Thursday, December 10, 2009

One More Year Of The Bailout And We'll Be Able To Hire Our Illegal Alien Gardener Back

We're coming to you today from The More Things Change The More They Smell Like Fish Department here in the marbled halls of IM Central. TMtCtMTSLF is a wholly owned subsidy of the It Works For Us Corporation, in partnership with Too Big To Care, Inc.

It seems that in the last election--which we were told was about change--there's change and there's, well, change.

A day ahead of testimony in which he's sure to be grilled about the controversial taxpayer-funded banker bailout program, Treasury Secretary Timothy Geithner announced he wants to extend it into late 2010. "History suggests that exiting prematurely from policies designed to provide AIG bonus money can significantly prolong the time it takes for executives to close on that second summer home in Aspen," Geithner wrote in a letter to House Speaker Nancy Pelosi.

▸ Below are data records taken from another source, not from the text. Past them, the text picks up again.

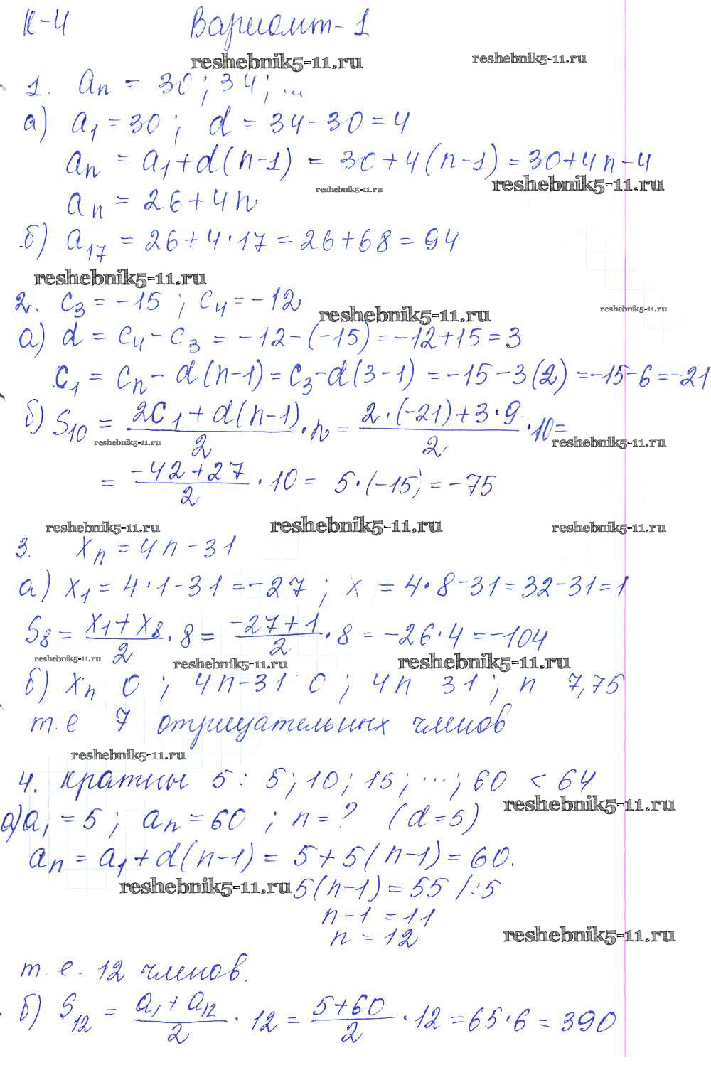 Готовая домашняя работа с ответами по Алгебре за 9 класс Журавлев, Малышева, Свентковский Контрольные и самостоятельные работы УМК Экзамен 2016 ФГОС - К-4. Арифметическая прогрессия Вариант №1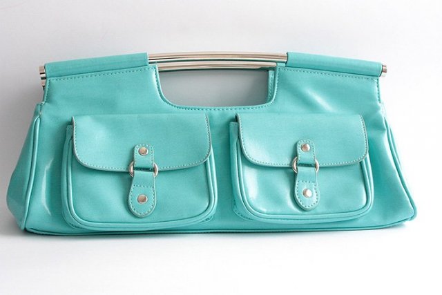 Błękitna torba wykonana prawdopodobnie ze skóry ekologicznej, zapinana na magnesy. Uwagę zwraca nietypowy, metalowy uchwyt.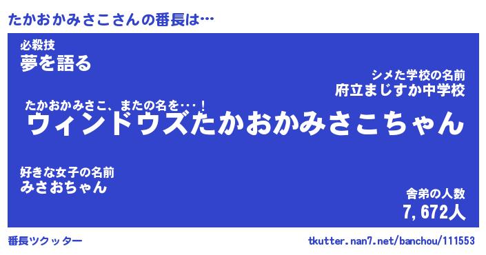 | 伝説のあだ名 | 『伝説の竜騎士たかおかみさこ』 |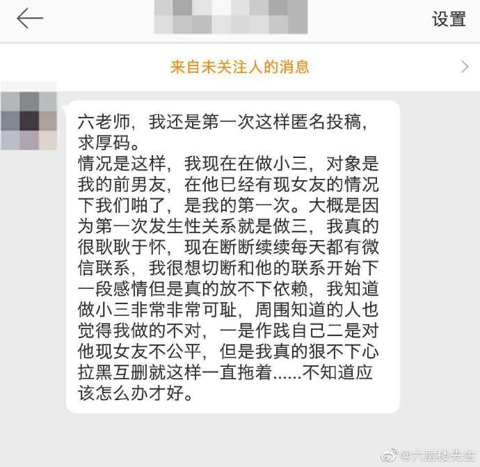 @六层楼先生:姑娘,非常感谢你的信任,同时承认自己在「做小三」是需要勇气的。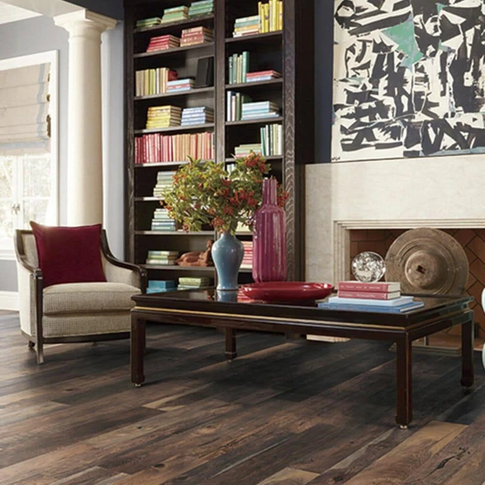 Heritage. Simplicity. Grace. The latest look in hardwood is a mirror held up to the timeless beauty of the past, thanks to the Villa Bocelli collection. Just as the reclaimed look has reinvented everything from furnishings to ceiling beams, now Villa Bocelli can enliven the rooms of your home. These stunning floors are brought to life by mesmerizing color variations that play across French oak and Hickory surfaces – contrasting areas of lights and darks conspiring with the wood’s natural grain to add visual intrigue. As different lighting plays upon it, the look is made new again, never getting old even while looking aged. To further enhance the visual allure, our artisan craftsmen custom-cut planks in three random widths and distress each surface employing four distinctive circular and straight sawmark techniques. So while the workmanship is modern and durable, the look reclaims a heritage look and feel. Shop Villa Bocelli floors in a range of rich colors that reflect the weathered patina of reclaimed woods – all sealed with an ultra low-gloss Bona premium finish. Hardwood beauty as priceless as an heirloom is now yours to reclaim.

The Troubled Asset Relief Program, widely known as TARP, will continue until October 3, 2010 , Geithner said, arguing for prudence in keeping an unpopular program afloat until almost the end of next year. "Well, prudence and the fact that my dividends aren't quite up to the level they were before this crap fest got started," Geithner said.

"We must not waver in our resolve to ensure that no banker will go without that third Lexus just because he or she caused a world-wide economic meltdown the full ramifications of which we still don't understand," he said.

Instead of exiting the TARP, Geithner said its unused balance could still be used to support yacht refitting , to bolster the ability of community banks to ignore local lenders while speculating in mortgage backed Slim Jim futures and to help efforts to restore activity in secondary bond markets where loans are pooled together to hide the fact that they aren't worth the paper they're written on.

Oh wait, they aren't written on paper. They only exist as imaginary data bits in the computer of some drunk physicist who got fired from his teaching job for diddling the co-eds. Even better.

Americans found the idea of using taxpayer money to rescue Wall Street downright offensive. "I understand their feelings," Geithner told reporters. "But this is a democracy. It's not about the will of the people. At least not those people."

Democrats and Republicans alike say they want the TARP to end, but they are they are ones that put it in effect in the first place, so not much more than incoherent babbling is expected from them.

Banks, too, want the program to end, so they can get back to investing in machines that run on carpet lint and turn whale feces into bio-degradable clothing without worrying about some government official expecting them to read the prospectus.

In a teleconference with reporters, panel chairwoman Elizabeth Warren said the TARP was effective in stopping a spreading panic in members only clubs and gated communities. However, she said, the TARP also was supposed to support the broader economic recovery by stemming foreclosures and boosting lending to consumers, and in those aspects it's fallen far short. "We plan to get on that right after we get the year end bonuses paid out," Geithner said.

Pelosi, with the support of President Barack Obama , is now looking to divert some of those TARP "savings" into job creation efforts with the nation's unemployment rate at 10 percent and projected to rise into next year. "Once we make sure the bankers obscene salaries and flagrant spending practices are secured, we plan to focus on people who would like to have a place to live and something to eat," Pelosi said.

Obama has conditioned his support on using some of those TARP "savings" into deficit reduction, while congressional Republicans would like to see if all of it used to knock down the deficits. "Heck, anybody who would support republicans today probably doesn't have marketable skills anyway," said one senate aide. "So why should we worry about unemployment?"